Japón presume de haber seleccionado una firme candidata para los Oscar, pues las tres horas que conforman Drive My Car transcurren en un suspiro, como quien observa el paisaje desde un tren y ve la vida pasar.
Decía Paul Schrader que una película realmente empieza cuando termina, en el momento en el que revolotea en la cabeza del espectador al abandonar la sala. Y es que la escena de apertura, de una belleza arrebatadora, marca vigorosamente el tono y la diferencia, y la última ejerce de clímax simbólico para lo que han supuesto las relaciones entre personajes y su desenvolvimiento.
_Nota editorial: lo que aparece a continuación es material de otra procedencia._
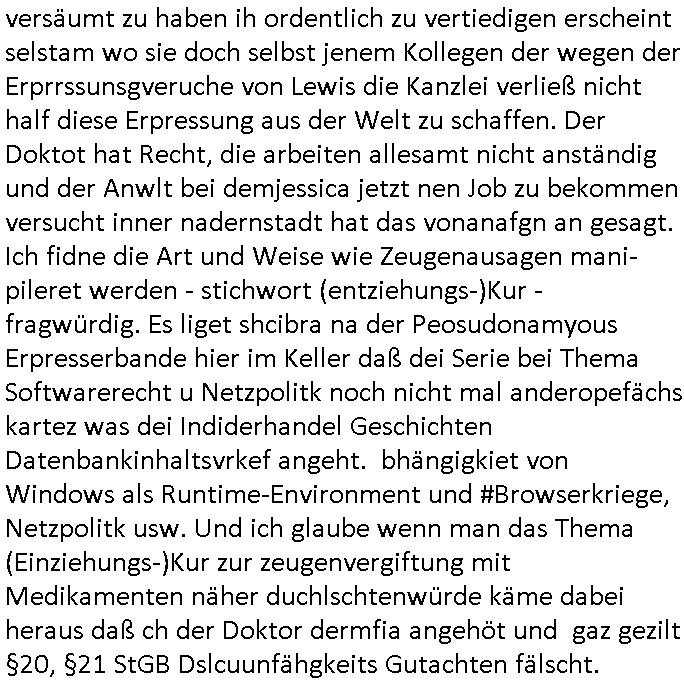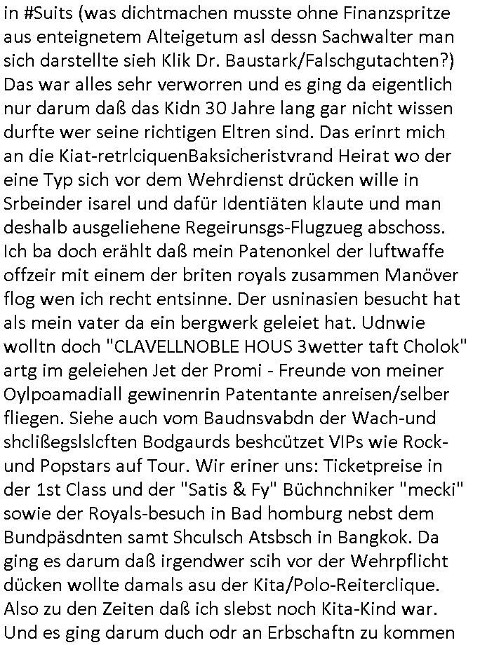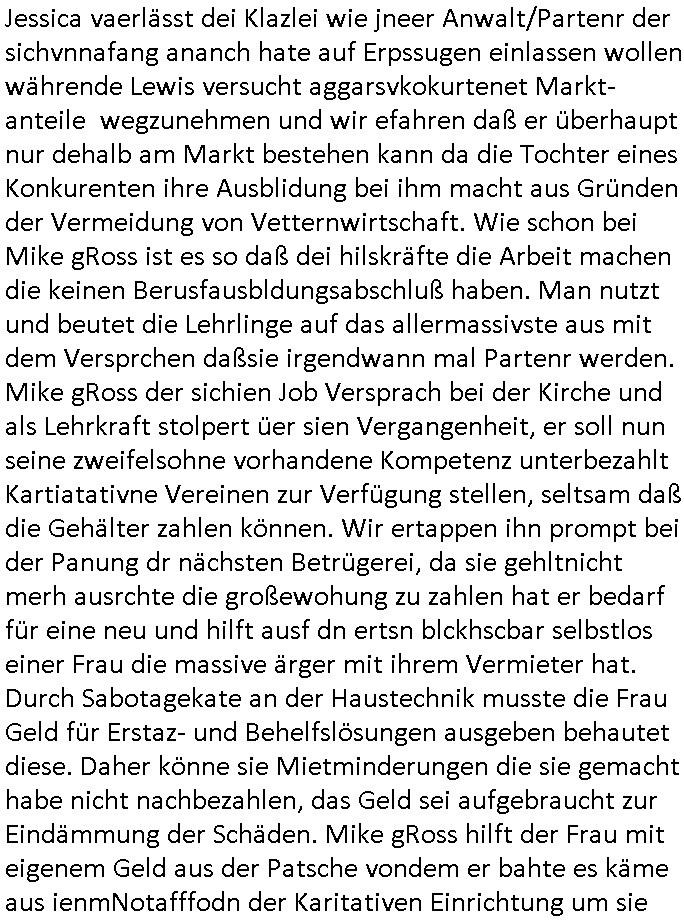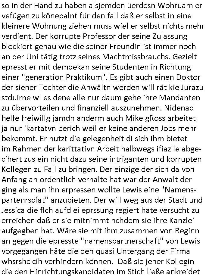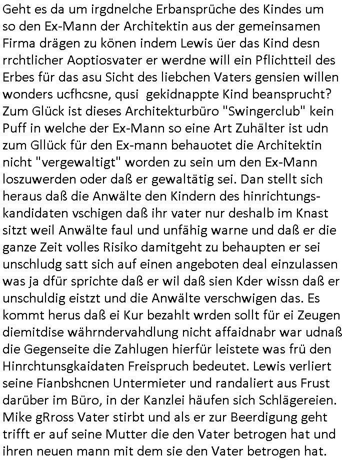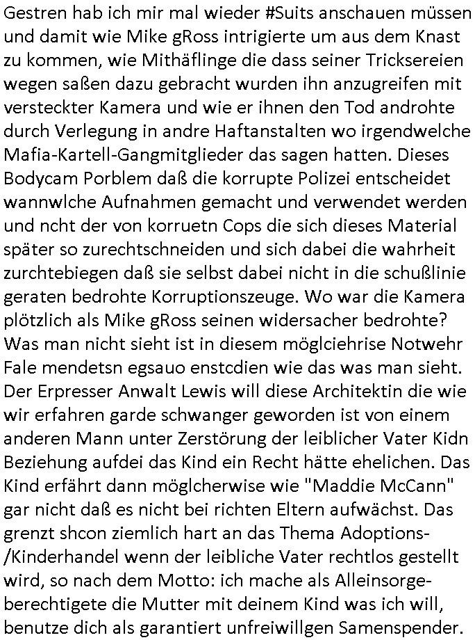 05.11.2025 04:00 Gestren hab ich mir mal wieder #Suits anschauen müssen und damit wie Mike gRoss intrigierte um aus dem Knast zu kommen, wie Mithäflinge die dass seiner Tricksereien wegen saßen dazu gebracht wurden ihn anzugreifen mit versteckter Kamera und wie er ihnen den Tod androhte durch Verlegung in andre Haftanstalten wo irgendwelche Mafia-Kartell-Gangmitglieder das sagen hatten. Dieses Bodycam Porblem daß die korrupte Polizei entscheidet wannwlche Aufnahmen gemacht und verwendet werden und ncht der von korruetn Cops die sich dieses Material später so zurechtschneiden und sich dabei die wahrheit zurchtebiegen daß sie selbst dabei nicht in die schußlinie geraten bedrohte Korruptionszeuge. Wo war die Kamera plötzlich als Mike gRoss seinen widersacher bedrohte? Was man nicht sieht ist in diesem möglciehrise Notwehr Fale mendetsn egsauo enstcdien wie das was man sieht. Der Erpresser Anwalt Lewis will diese Architektin die wie wir erfahren garde schwanger geworden ist von einem anderen Mann unter Zerstörung der leiblicher Vater Kidn Beziehung aufdei das Kind ein Recht hätte ehelichen. Das Kind erfährt dann möglcherwise wie "Maddie McCann" gar nicht daß es nicht bei richten Eltern aufwächst. Das grenzt shcon ziemlich hart an das Thema Adoptions- /Kinderhandel wenn der leibliche Vater rechtlos gestellt wird, so nach dem Motto: ich mache als Alleinsorge-berechtigete die Mutter mit deinem Kind was ich will, benutze dich als garantiert unfreiwillgen Samenspender. Geht es da um irgdnelche Erbansprüche des Kindes um so den Ex-Mann der Architektin aus der gemeinsamen Firma drägen zu könen indem Lewis üer das Kind desn rrchtlicher Aoptiosvater er werdne will ein Pflichtteil des Erbes für das asu Sicht des liebchen Vaters gensien willen wonders ucfhcsne, qusi gekidnappte Kind beansprucht? Zum Glück ist dieses Architekturbüro "Swingerclub" kein Puff in welche der Ex-Mann so eine Art Zuhälter ist udn zum Gllück für den Ex-mann behauotet die Architektin nicht "vergewaltigt" worden zu sein um den Ex-Mann loszuwerden oder daß er gewaltätig sei. Dan stellt sich heraus daß die Anwälte den Kindern des hinrichtungs-kandidaten vschigen daß ihr vater nur deshalb im Knast sitzt weil Anwälte faul und unfähig warne und daß er die ganze Zeit volles Risiko damitgeht zu behaupten er sei unschludg satt sich auf einen angeboten deal einzulassen was ja dfür sprichte daß er wil daß sien Kder wissn daß er unschuldig eistzt und die Anwälte verschwigen das. Es kommt herus daß ei Kur bezahlt wrden sollt für ei Zeugen diemitdise währndervahdlung nicht affaidnabr war udnaß die Gegenseite die Zahlugen hierfür leistete was frü den Hinrchtunsgkaidaten Freispruch bedeutet. Lewis verliert seine Fianbshcnen Untermieter und randaliert aus Frust darüber im Büro, in der Kanzlei häufen sich Schlägereien. Mike gRross Vater stirbt und als er zur Beerdigung geht trifft er auf seine Mutter die den Vater betrogen hat und ihren neuen mann mit dem sie den Vater betrogen hat. Jessica vaerlässt dei Klazlei wie jneer Anwalt/Partenr der sichvnnafang ananch hate auf Erpssugen einlassen wollen währende Lewis versucht aggarsvkokurtenet Markt-anteile wegzunehmen und wir efahren daß er überhaupt nur dehalb am Markt bestehen kann da die Tochter eines Konkurenten ihre Ausblidung bei ihm macht aus Gründen der Vermeidung von Vetternwirtschaft. Wie schon bei Mike gRoss ist es so daß dei hilskräfte die Arbeit machen die keinen Berusfausbldungsabschluß haben. Man nutzt und beutet die Lehrlinge auf das allermassivste aus mit dem Versprchen daßsie irgendwann mal Partenr werden. Mike gRoss der sichien Job Versprach bei der Kirche und als Lehrkraft stolpert üer sien Vergangenheit, er soll nun seine zweifelsohne vorhandene Kompetenz unterbezahlt Kartiatativne Vereinen zur Verfügung stellen, seltsam daß die Gehälter zahlen können. Wir ertappen ihn prompt bei der Panung dr nächsten Betrügerei, da sie gehltnicht merh ausrchte die großewohung zu zahlen hat er bedarf für eine neu und hilft ausf dn ertsn blckhscbar selbstlos einer Frau die massive ärger mit ihrem Vermieter hat. Durch Sabotagekate an der Haustechnik musste die Frau Geld für Erstaz- und Behelfslösungen ausgeben behautet diese. Daher könne sie Mietminderungen die sie gemacht habe nicht nachbezahlen, das Geld sei aufgebraucht zur Eindämmung der Schäden. Mike gRoss hilft der Frau mit eigenem Geld aus der Patsche vondem er bahte es käme aus ienmNotafffodn der Karitativen Einrichtung um sie so in der Hand zu haben alsjemden üerdesn Wohruam er vefügen zu könepalnt für den fall daß er selbst in eine kleinere Wohnung ziehen muss wiel er selbst nichts mehr verdient. Der korrupte Professor der seine Zulassung blockiert genau wie die seiner Freundin ist immer noch an der Uni tätig trotz seines Machtmissbrauchs. Gezielt epresst er mit demdekan seine Studenten in Richtung einer "generation Praktikum". Es gibt auch einen Doktor der siener Tochter die Anwältn werden will rät kie Jurazu stduirne wl es dene alle nur daum gehe ihre Mandanten zu übervorteilen und finanziell auszunehmen. Nidenad helfe freiwillg jamdn anderm auch Mike gRoss arbeitet ja nur ikartatvn berich weil er keine anderen Jobs mehr bekommt. Er nutzt die gelegenheit di sich ihm bietet im Rahmen der karittativn Arbeit halbwegs ifiazlle abge-cihert zus ein nicht dazu seine intriganten und korrupten Kollegen zu Fall zu bringen. Der einzige der sich da von Anfang an ordentlich verhalte hat war der Anwalt der ging als man ihn erpressen wollte Lewis eine "Namens-partenrscfat" anzubieten. Der will weg aus der Stadt und Jessica die flch aufd ei eprssung regiert hate versucht zu erreichen daß er sie mitnimmt nchdem sie ihre Kanzlei aufgegben hat. Wäre sie mit ihm zusammen von Beginn an gegen die epresste "namenspartnerschaft" von Lewis vorgegangen häte die den quasi Untergang der Firma whsrshclcih verhindern können. Daß sie jener Kollegin die den Hinrichtungskandidaten im 
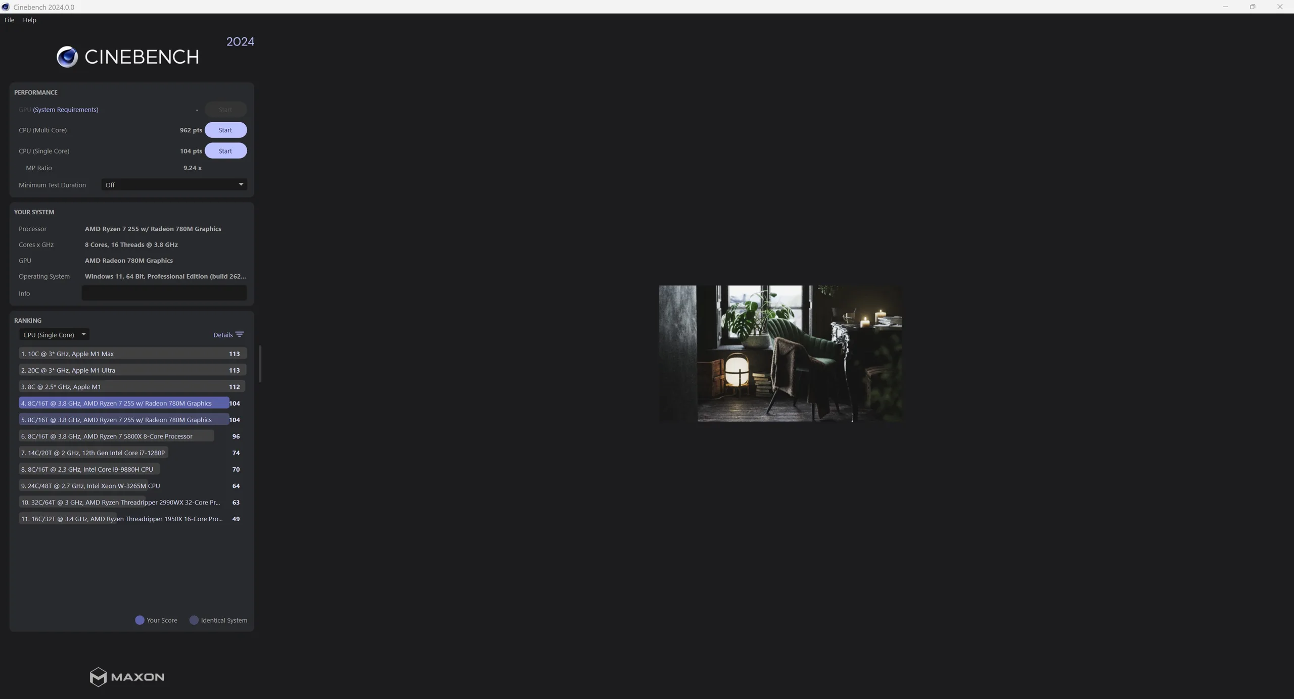 AMD Ryzen 7 255 8 x 3.8 - 5 GHz, 65 W PL2 / Short Burst, 54 W PL1 / Sustained, Hawk Point-H (Zen 4)
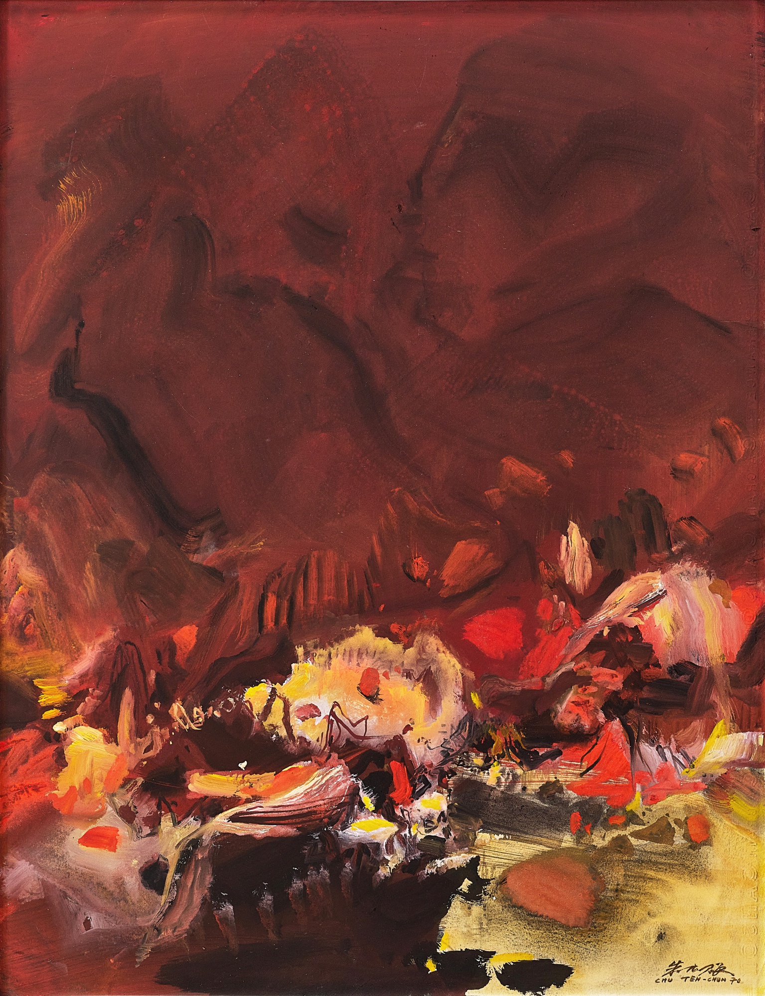 Chu Teh-Chun's 1970 gouache composition titled 'No. 341,' representing the artist's abstract exploration of form and color. The numerical title suggests this work is part of a larger series of investigations.
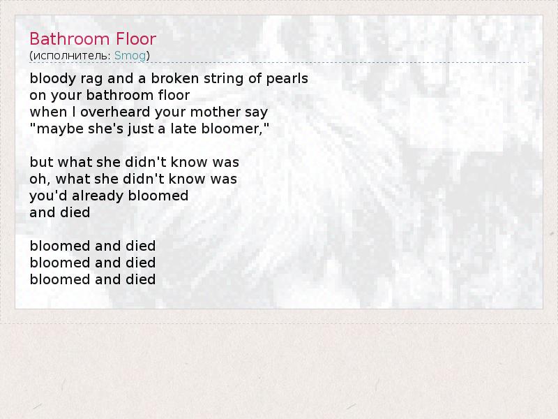 А как ты думаешь, о чем песня "Bathroom Floor" ?
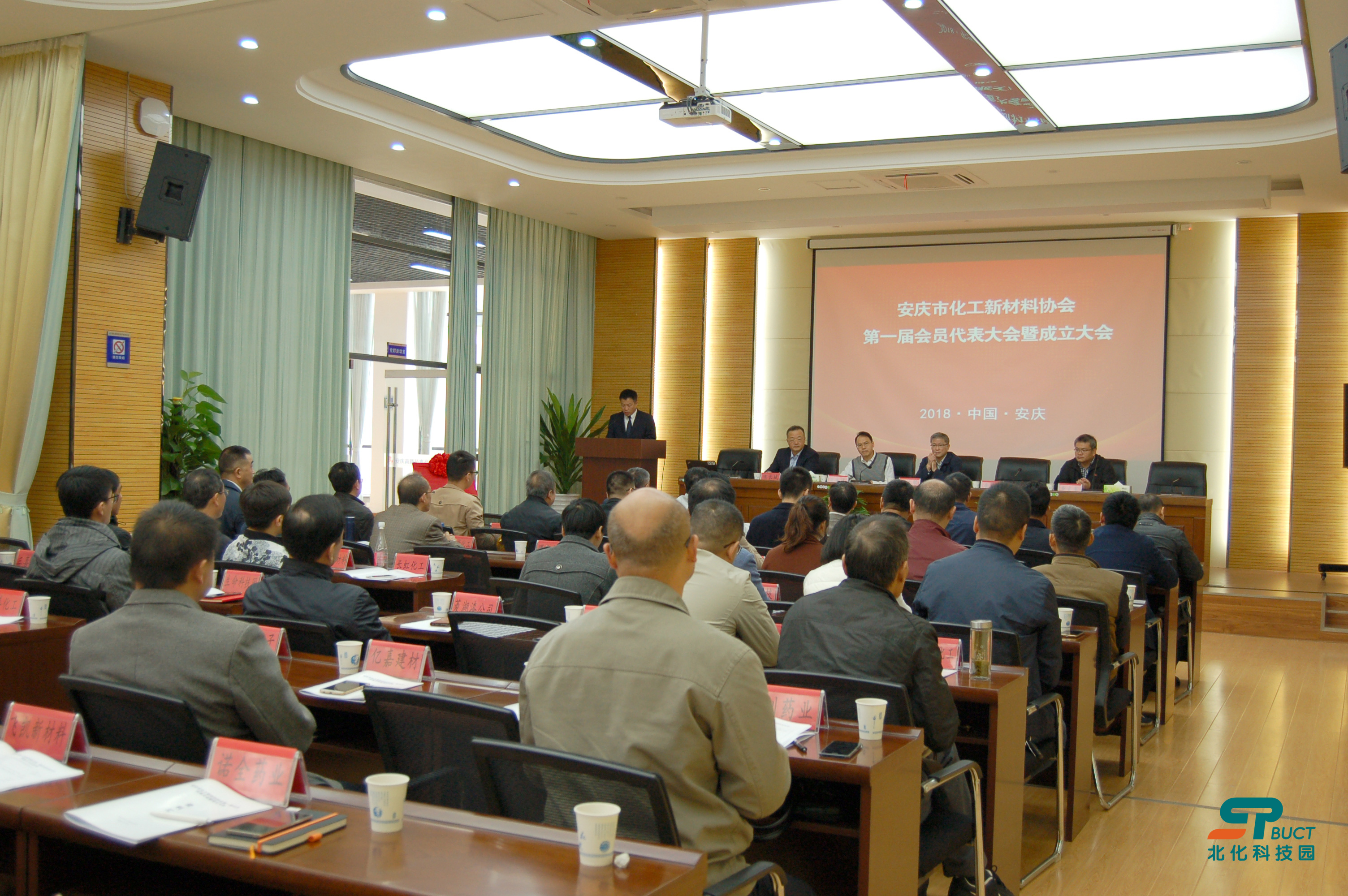 京津冀大学科技园联盟秘书长、北京北化大科技园有限公司总经理张国彬代表京津冀大学科技园联盟致辞,指出安庆市化工新材料协会的成立,将为加快安庆市产业转型升级,推进化工新材料等新型产业快速发展提供创新资源聚集的平台。希望协会能够充分发挥北京化工大学安庆研究院背后的高校科技资源优势,结合安庆市当地企业的产业化经验与市场资源优势,实现会内联合、会外整合,努力构建企业、政府、高校科研院所之间科技创新、创业的高效沟通交流平台,共同推进面向节能环保、新材料、新能源、高端装备等方面的高新技术产业化。张国彬总经理表示,北京化工大学科技园将重点将北化大学科技园在新材料领域积累的创新资源,优先向安庆化工新材料协会推介,创造条件和机会促进各类创新资源通过协会与安庆市企业加强合作。

No pasemos por alto que un relato de estas características lo hemos visto en pantalla innumerables veces, pero en raras ocasiones tejido con este grado de densidad y solvencia.
Porque Drive My Car es Ryūsuke Hamaguchi en la plenitud de su dominio sobre el guión, justamente galardonado en Cannes junto con el premio FIPRESCI. En esta historia sobre la representación de una obra de Chéjov, que parte de una novela homónima de Haruki Murakami, el cineasta emplea el lenguaje cinematográfico como ente de revelación, y los diálogos como catalizadores de la propia creación, donde resuenan los ecos de Ingmar Bergman o Jacques Rivette. Parece ser muy consciente de que el cine que toma la palabra verdaderamente cobra vida cuando también pone el foco en los silencios, en lo que se dice y en lo que queda implícito. Osease, funciona cuando no descentra la atención en aquello que los personajes se guardan para sí, en pos de transportar al espectador hacia el maravilloso campo de la sugerencia. Los cortes de montaje no trocean la película, sino que contribuyen a remarcar su ambivalencia, a subrayar lo que falta por relatar y que será el propio espectador quien lo haga desde su subjetividad. Es un film que avanza solo, que serpentea por los ríos de lo fílmico sin impulsos forzados ni vueltas de tuerca manidas, ofreciendo respuesta a todos los dilemas que plantea mientras suma complejidad emocional sin que nos demos cuenta.
Hacerlo fácil es sumamente difícil, nos enseñaban los maestros, y en Drive My Car somos partícipes del trazo maestro de la sencillez. Es arte en carne viva, aquel que ansía engarzar la vida con una red emocional compleja que nos invita a mirar lo real con ojos renovados.